(Dataset items)
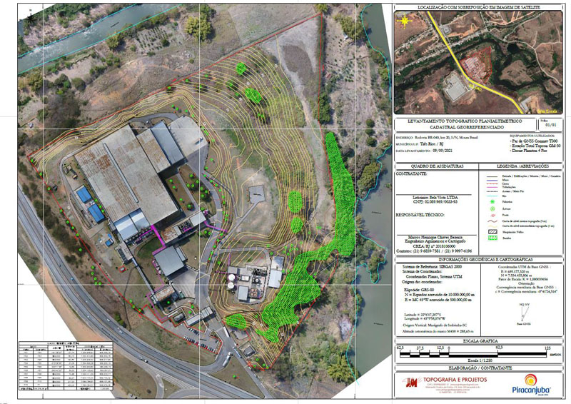 Levantamento cadastral realizado para base de projeto de drenagem e ampliação da Fábrica da Piracanjuba – Três Rios/RJ.
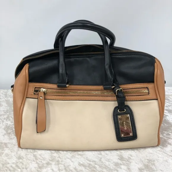 Aldo satchel bag in black tan and cream. Overall in fair condition with normal wear and some flaws b... Show more
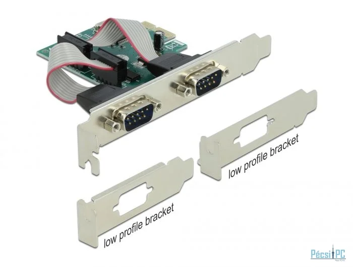 A Delock PCI Express kártya két külső soros RS-232 porttal bővíti a számítógépet. Különböző eszközök, úgy mint szkenner, protokoll átalakító vagy IoT elemek, kapcsolhatók ehhez a kártyához.
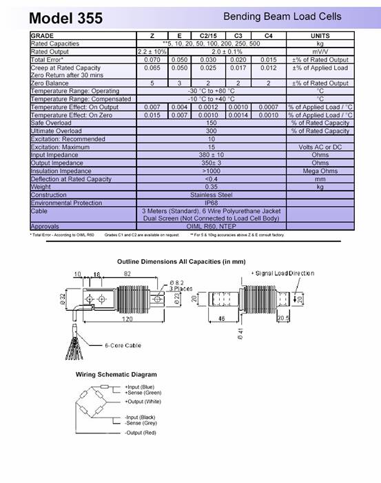 美國特迪亞tedea 355-200kg稱重傳感器產品特性描述:
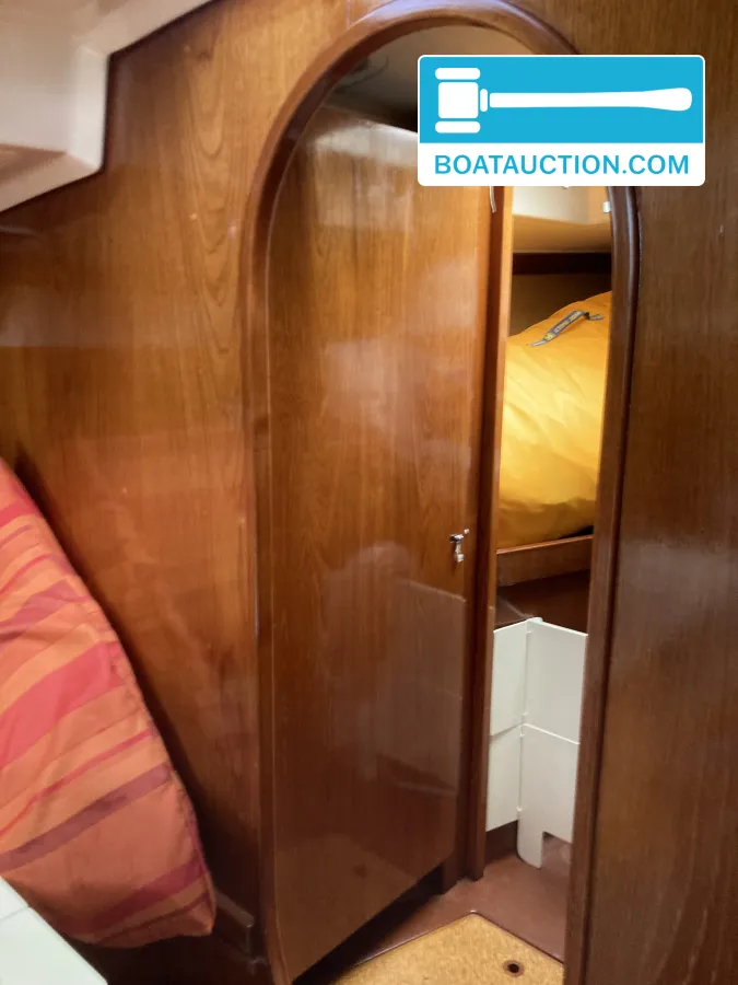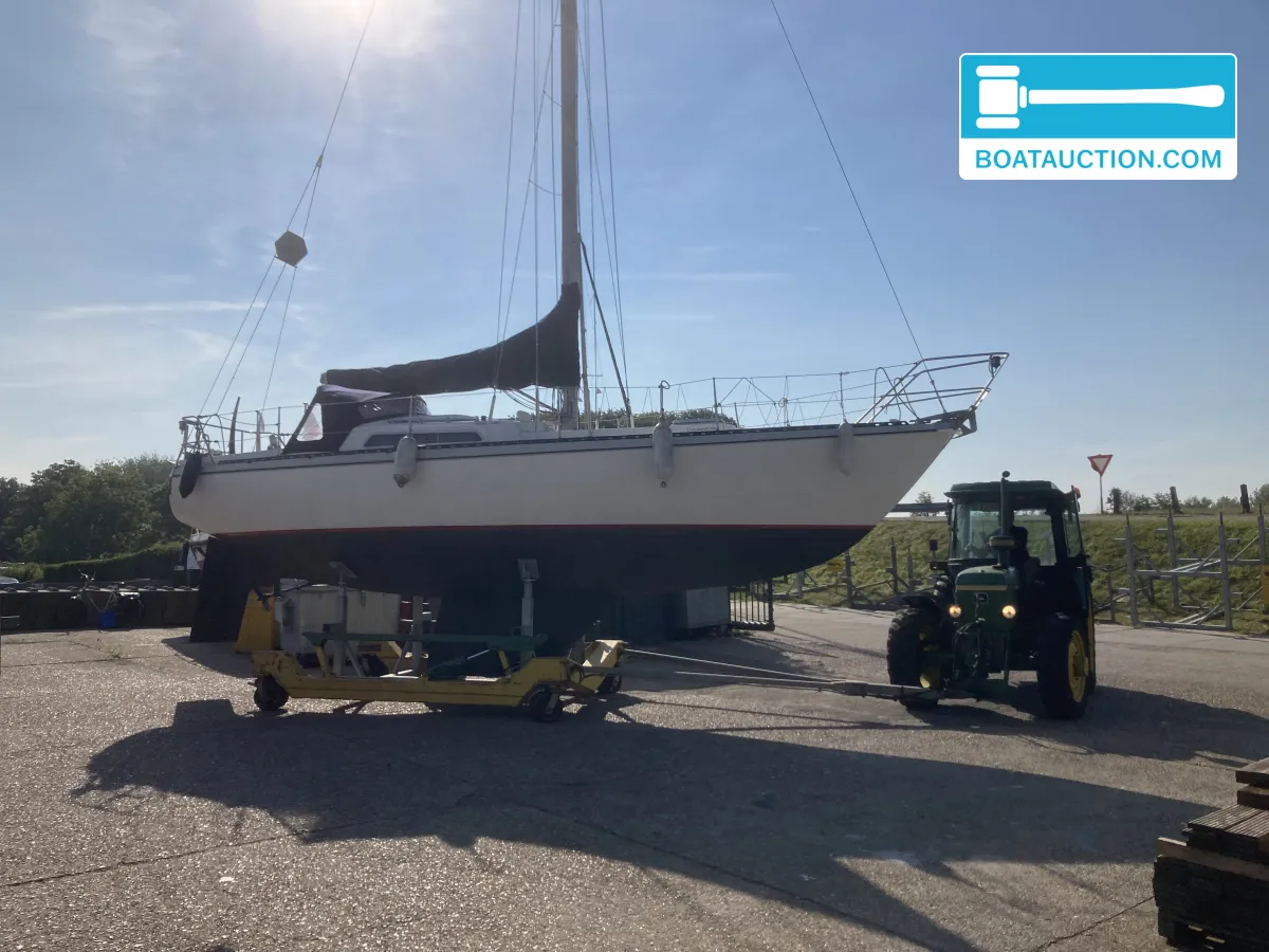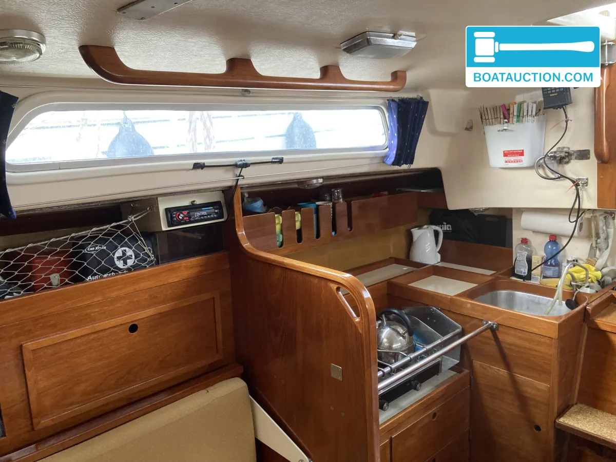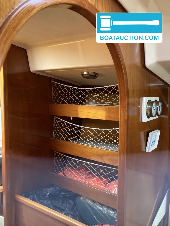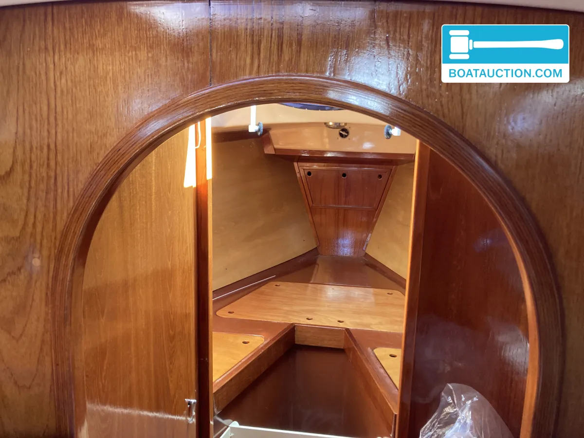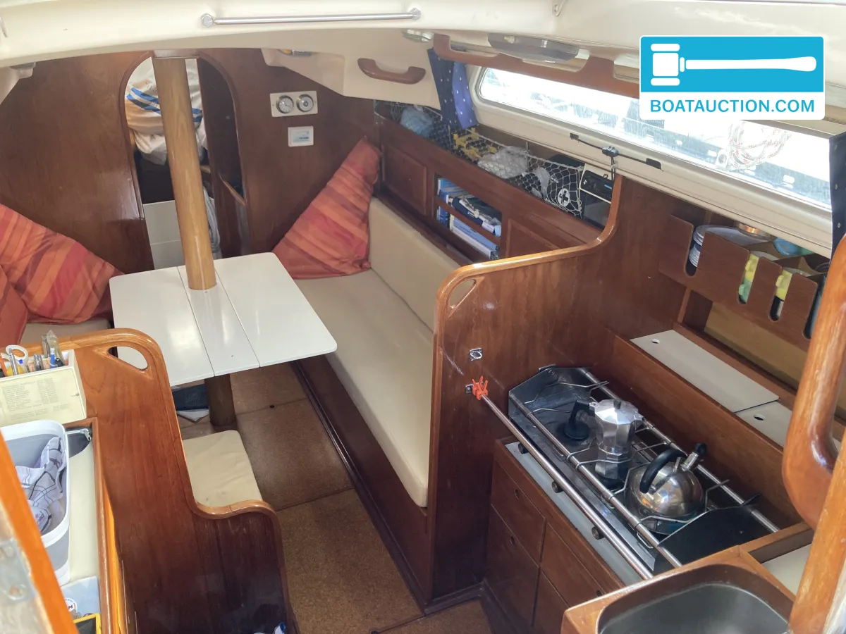 Navigatie en zeiluitrustingQua navigatie is de boot voorzien van een GPS, dieptemeter, kompas en een iCom handheld marifoon. De zeiluitrusting bestaat uit één aluminium mast en zes zeilen, waaronder een grootzeil, fok en genua. De genua 1 is recent vernieuwd, terwijl de overige zeilen in redelijke staat verkeren. Het grootzeil is gedeeltelijk doorgelat en voorzien van drie reven. De boot beschikt over een handmatige ankerlier en twee ankers met lijnbevestiging. Buitenom is de boot uitgerust met een buiskap, preek- en hekstoelen, stootwillen, lijnen, een zeerailing, een zwemplatform en een zwemtrap.

## TASK PROMPT:
Every line above is to be repeated exactly, but no picture is to appear in the copy.

## EXERCISE RESPONSE:
 Levantamento cadastral realizado para base de projeto de drenagem e ampliação da Fábrica da Piracanjuba – Três Rios/RJ.
 Aldo satchel bag in black tan and cream. Overall in fair condition with normal wear and some flaws b... Show more
 A Delock PCI Express kártya két külső soros RS-232 porttal bővíti a számítógépet. Különböző eszközök, úgy mint szkenner, protokoll átalakító vagy IoT elemek, kapcsolhatók ehhez a kártyához.
 美國特迪亞tedea 355-200kg稱重傳感器產品特性描述:
 Navigatie en zeiluitrustingQua navigatie is de boot voorzien van een GPS, dieptemeter, kompas en een iCom handheld marifoon. De zeiluitrusting bestaat uit één aluminium mast en zes zeilen, waaronder een grootzeil, fok en genua. De genua 1 is recent vernieuwd, terwijl de overige zeilen in redelijke staat verkeren. Het grootzeil is gedeeltelijk doorgelat en voorzien van drie reven. De boot beschikt over een handmatige ankerlier en twee ankers met lijnbevestiging. Buitenom is de boot uitgerust met een buiskap, preek- en hekstoelen, stootwillen, lijnen, een zeerailing, een zwemplatform en een zwemtrap.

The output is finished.